While waiting for my friends to leave, I felt a bit of deja vu, from when the day Natasha left for Australia. I could feel the suspense and the feeling of wanting to give it to her mixed with wanting to run away. But I guess, I never really did let her go, did I?

As they all left, I started walking towards her. She flashed that smile that as Taylor Swift would say, 'would light up the whole town'. It was almost as if I was meeting her, for the first time, again. It felt weird yet really good to finally see her again, as it was actually the first real time I met her since she came back, in person. Skype doesn't count right? I felt that familiar butterfly in my tummy, that little dance my heart would do when I see her.

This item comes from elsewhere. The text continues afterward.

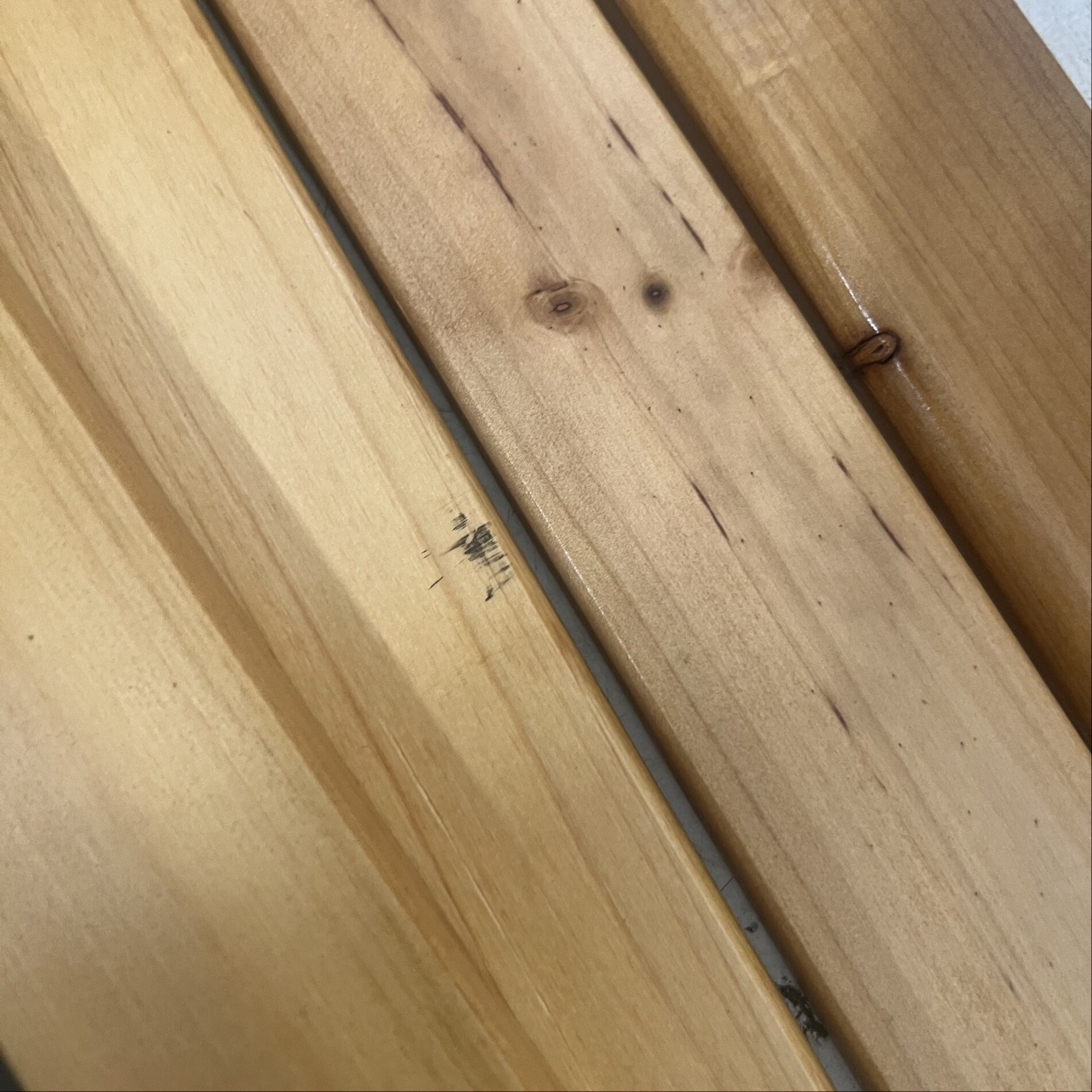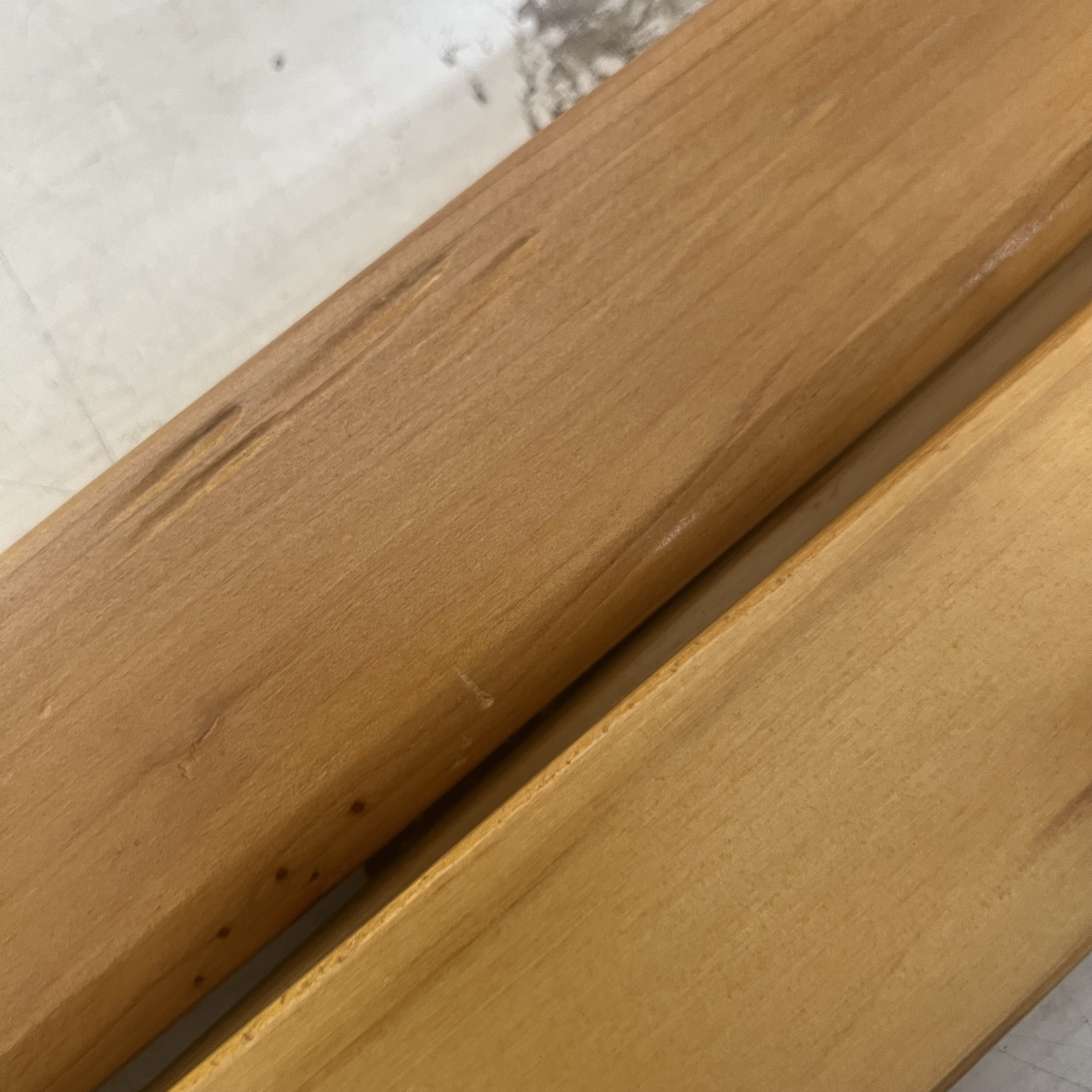 Dřevěné desky jsou poškrábané a mají drobné povrchové poškození

'Hey,' she said. 'How was your first day?'

'Pretty boring. I've got work, already.'

'Haha, me too.'

'Well,' yep, I had to give it to her. 'this is for you, Merry Belated Christmas? Haha.'

And as I handed her the first gift, her face was... priceless. I could probably see her light up at that moment right there. It was the best feeling ever.

'You know you really didn't have to right?'

'It's alright, I wanted to.' time for the surprise.

'Well I also have this,' I said as I took out the Nicholas Sparks book. I remember taking a really long time trying to wrap it perfectly and hoping no one touched it while it was under the Christmas tree.

'Hey, I told you not to get me anything, really. I mean, the first one was already good enough.'

'You kind of forgot something.'

'Haha right,' she laughed. 'you do the complete opposite of what I say.'

//

When I came home, I wrote it on a piece of paper. I mean, I was doing this thing I found online where I write anything that makes me smile on a piece of paper, so at the end of the year I'd take it out and pretty much reminisce about them. Thank you , tumblr.

Well, what I wrote was.

Her smile when she got my gifts. 

And this pretty much made me smile for the rest of the day, thinking about it.